Soft Error Resilience and Failure Recovery for Continuum Dynamics Applications

TL;DR

This paper explores application-level resilience for continuum dynamics software by leveraging domain invariants, proposing a checksum-based recovery method, and demonstrating its effectiveness through fault injection experiments.

Contribution

It introduces a novel checksum-retry approach utilizing domain invariants for lightweight failure detection and recovery in continuum dynamics applications.

Findings

Effective fault detection using invariants

Lightweight, non-intrusive recovery method

Successful fault injection experiments

Abstract

The persistently growing resilience concerns of large-scale computing systems today require not only generic fault tolerance approaches, but also application-level resilience, due to demanding efficiency and various domain-specific requirements. Scientific applications within a particular domain generally comply with domain conservation laws, which can be leveraged as an error detection criterion to study the resilience of this domain of applications sharing similar program characteristics. However, it is challenging to achieve application resilience: (a) how to identify the invariants of a given domain of applications, knowing the conservation laws, and (b) how to utilize the invariants to efficiently detect and recover from failures in application runs.

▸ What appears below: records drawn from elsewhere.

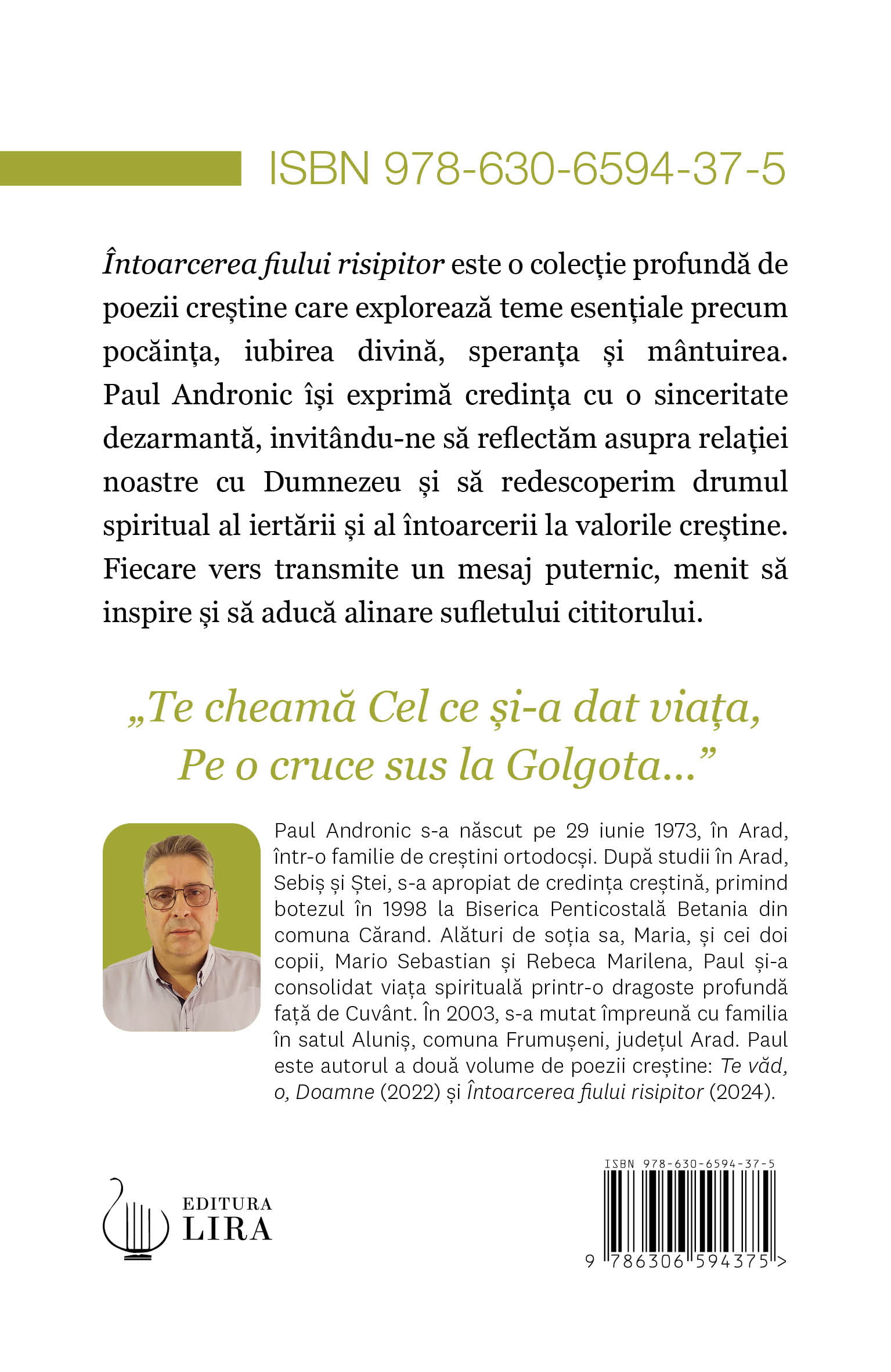 este o colecție profundă de poezii creștine care explorează teme esențiale precum pocăința, iubirea divină, speranța și mântuirea. Paul Andronic își exprimă credința cu o sinceritate dezarmantă, invitându-ne să reflectăm asupra relației noastre cu Dumnezeu și să redescoperim drumul spiritual al iertării și al întoarcerii la valorile creștine. Fiecare vers transmite un mesaj puternic, menit să inspire și să aducă alinare sufletului cititorului.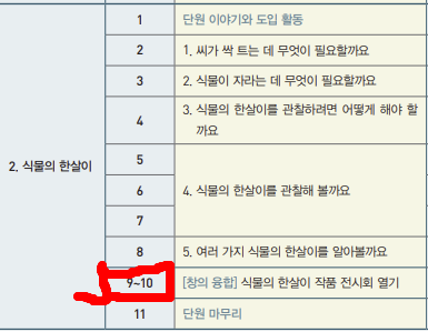 왼쪽 표는 같은 학년의 둘째 단원이다. 여기도 마찬가지로 9~10차시에 '식물의 한살이 작품 전시회 열기'를 한다. 이 차시를 먼저 소개한 다음에 1차시부터 수업을 하면 학생들이 자신이 전시할 식물을 선정하고 싹을 틔우고 관찰한다. 이런 과정을 통하여 과학적 탐구역량을 더욱 잘 갖춘 상태에서 전시회를 하게 된다.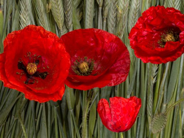 Wallpaper Red poppy flowers on green spikelets of wheat

In this work, we target several continuum dynamics software packages, FleCSALE [1] and CODY [2] (with intrinsic invariants during computation), study their resilience to soft errors online (injected using an open-source fault injector), and investigate the opportunities for non-intrusive and lightweight failure recovery (checksum-based invariant checking). We propose a checksum-retry approach to achieve our goals, and experimental results on a virtualized platform with extensive fault injection campaigns demonstrate the effectiveness and efficiency of the proposed approach.